We would like to contribute COOL as an Apache Incubator project.
COOL is a cohort OLAP system specialized for cohort analysis with
extremely low latency. The vision of COOL is to address the inefficiency
of underlying database systems for cohort analysis (cohort queries)
which is increasingly used in areas such as customer acquisition and
CRM, medical cohort analysis (response of patients with respect to
treatment/medicine etc) and fraud detection.
COOL is very fast -- one to two order magnitude faster than
implementation on known database systems using SQL.
It is flexible and powerful -- it can process complicated cohort
queries with flexible definitions of cohorts
and events in near real-time response time.
COOL works with a few open source storage engines/backends, namely,
Apache Avro, Apache Arrow, Apache Parquet, etc.

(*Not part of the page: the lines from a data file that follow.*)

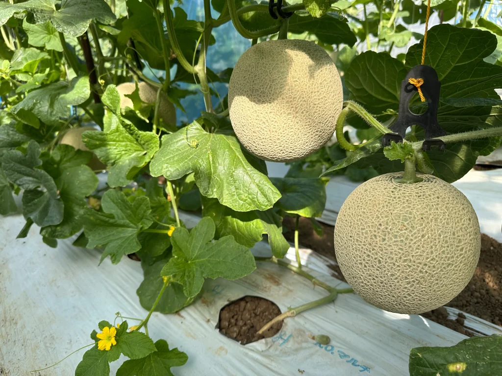 メロンの玉に葉っぱがくっついてると、その部分が乾かずにそこから腐れていく可能性があるため、千切ったりしてくっつかないようにしていきます。
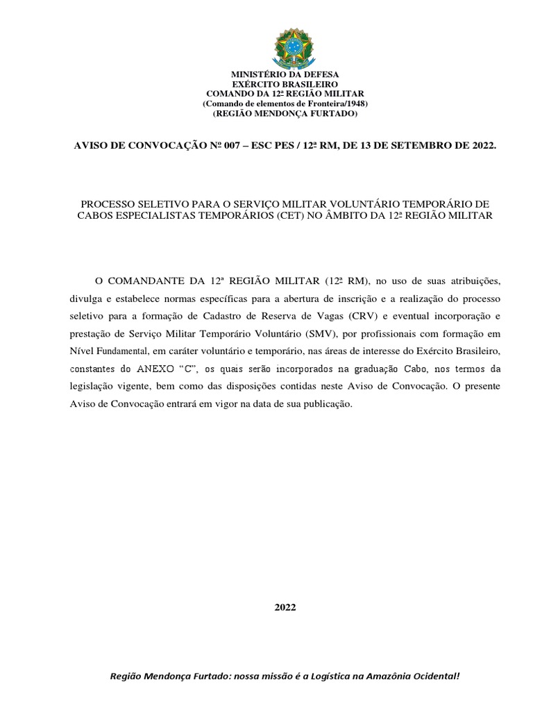 Aviso de Convocação N° 007 – CET – 2022/2023 – ESC PES / 12ª RM, de 13 SET 22…..............Página 2 de 58
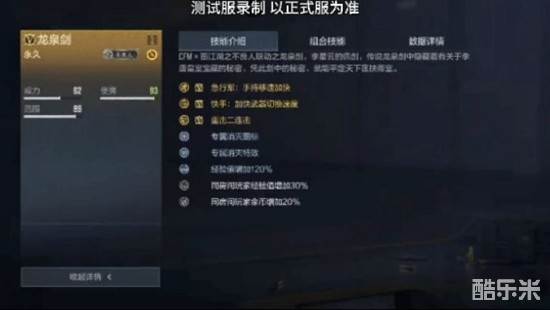龙泉剑拥有急行军:手持移速加快和快手:加快武器切换速度属性。并且拥有专属消灭图标和专属消灭特效。最重要的是这款龙泉剑拥有重击两连击属性,特别是第二段攻击的气经的特效表现完美复刻剧中场景,这条属性在实战中让这款龙泉剑的实力大大提升。

We need Champions and Mentors, to help guide us on further development
of this open source project.
Thanks.
Regards,
Beng Chin Ooi
www.comp.nus.edu.sg/~ooibc
on behalf of COOL team
-----------------------------------------------------------
# COOL proposal
## Abstract
COOL is an online cohort analytical processing system specialized for
cohort analysis with extremely low latency.
## Proposal
The vision of COOL is to address the inefficiency of underlying database
systems processing cohort analysis (cohort queries) which is an emerging
and widely-used analysis pattern in various areas. In COOL, cohort query
processing is facilitated by specialized operators that involve only two
fast scans on sophisticated storage to achieve real-time responses.
COOL has been designed to provide user-friendly querying primitives to
address the pain point of writing complex and lengthy queries for cohort
analysis using SQL-like languages. Specifically, at least five SQL
queries are needed for a conventional OLAP database system to perform
cohort analysis in a non-intrusive manner.
We submit this proposal to donate the COOL system, its related code, and
artifacts (documentation, website application, wiki, etc) to Apache
Software Foundation Incubator. We are confident that COOL will further
promote the diversity of the Apache community and the Apache is able to
provide COOL with a better environment to build its community, making it
a useful and efficient tool for large-scale cohort analysis.
##Background
Cohort analysis (https://en.wikipedia.org/wiki/Cohort_analysis for quick
reference) is a method of analyzing metrics across different groups
(i.e., cohorts), which share common characteristics in the accumulated
data. These characteristics play a critical role in user profiling and
the decision-making process in data-driven organizations.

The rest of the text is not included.